The liability under s 214(2) / 246ZB(2) refers to the obligation of a liquidator or administrator to establish that a director ought to have concluded there was no reasonable prospect of avoiding an insolvent liquidation or administration.
Describe the ‘reasonably diligent person’ test as applied by the court.
The ‘reasonably diligent person’ test is used by the court to determine if a director should have concluded that there was no reasonable prospect of avoiding insolvent liquidation or administration, and whether the director took steps to minimize potential loss to creditors. It considers both the general knowledge, skill, and experience expected of someone in the same role (objective test) and the actual knowledge, skill, and experience of the specific director (subjective test), applying the higher of the two standards.

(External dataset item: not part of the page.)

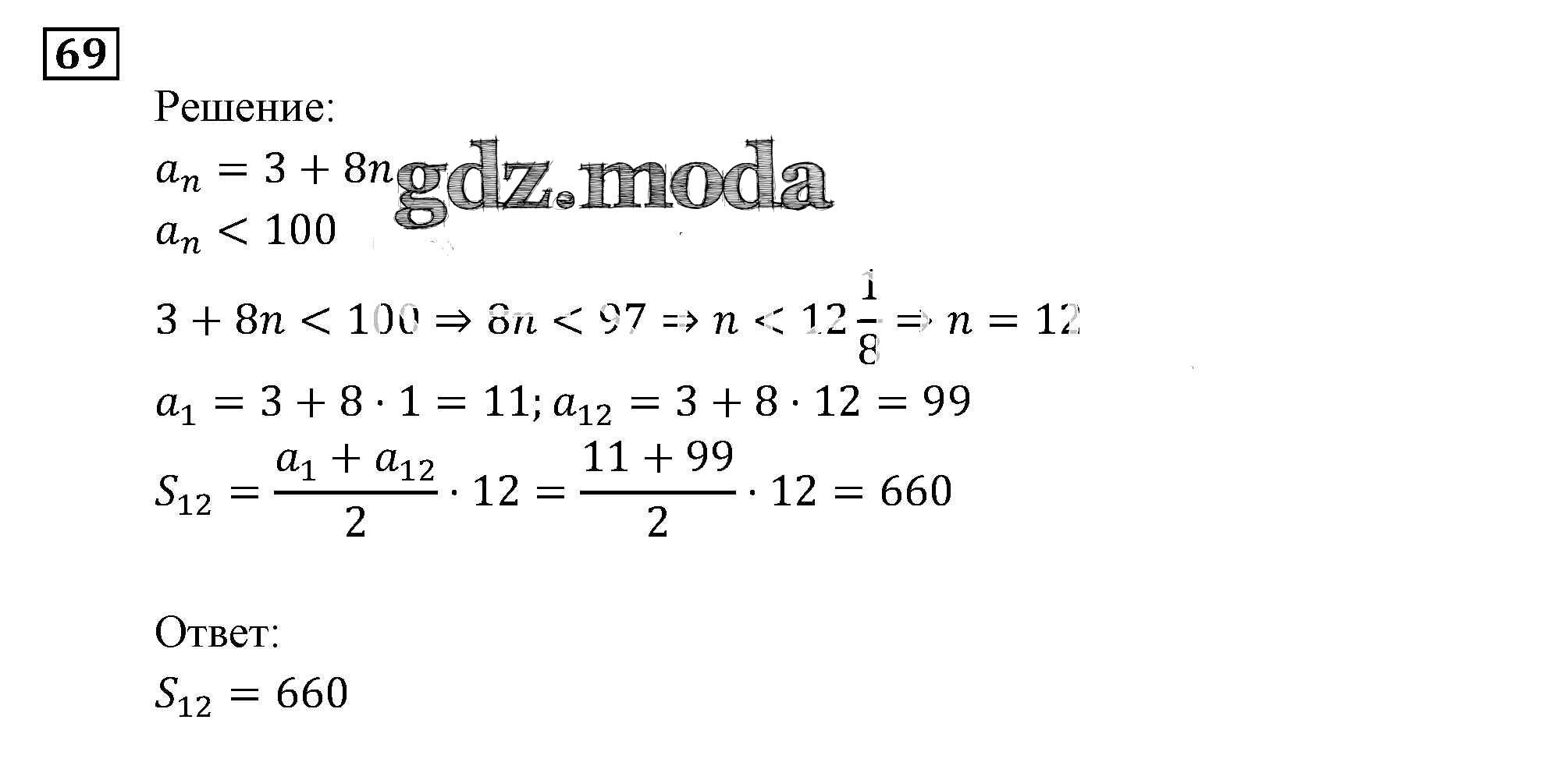 ОТВЕТ на задание № 69 Задачник по Алгебре 9 класс Мордкович
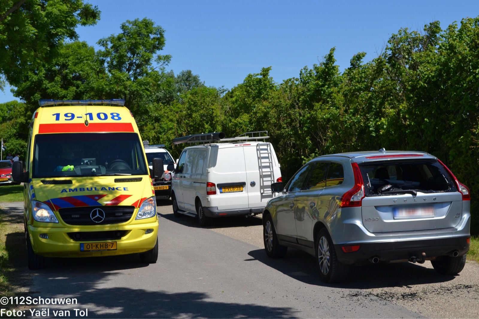 Op de Straalweg ontstond een botsing tussen een wielrenner en een personenauto. Doordat de wielrenner te laat zag dat er auto's stilstonden klapte hij tegen de achterkant van een auto. Door de klap vloog hij tegen de achteruit en raakte gewond. Er kwam een ambulance ter plaatse voor het slachtoffer. Na behandeling is het slachtoffer naar het ziekenhuis in Goes vervoerd.

How does ensuring adequate financial information contribute to a director’s defense in insolvency cases?
Ensuring adequate financial information contributes to a director’s defense by showing that they are informed about the company’s financial status and are making decisions based on accurate data, which is crucial for minimizing creditor losses.
Define the point of no return in the context of company insolvency.
The point of no return refers to the moment when a director first knows or should have concluded that there is no reasonable prospect of the company avoiding insolvent administration or liquidation.
Describe the difference between fraudulent trading and wrongful trading.
Fraudulent trading requires proof of dishonest intent and is both a civil and criminal wrong, while wrongful trading involves negligence without the need for dishonest intent and is only a civil claim.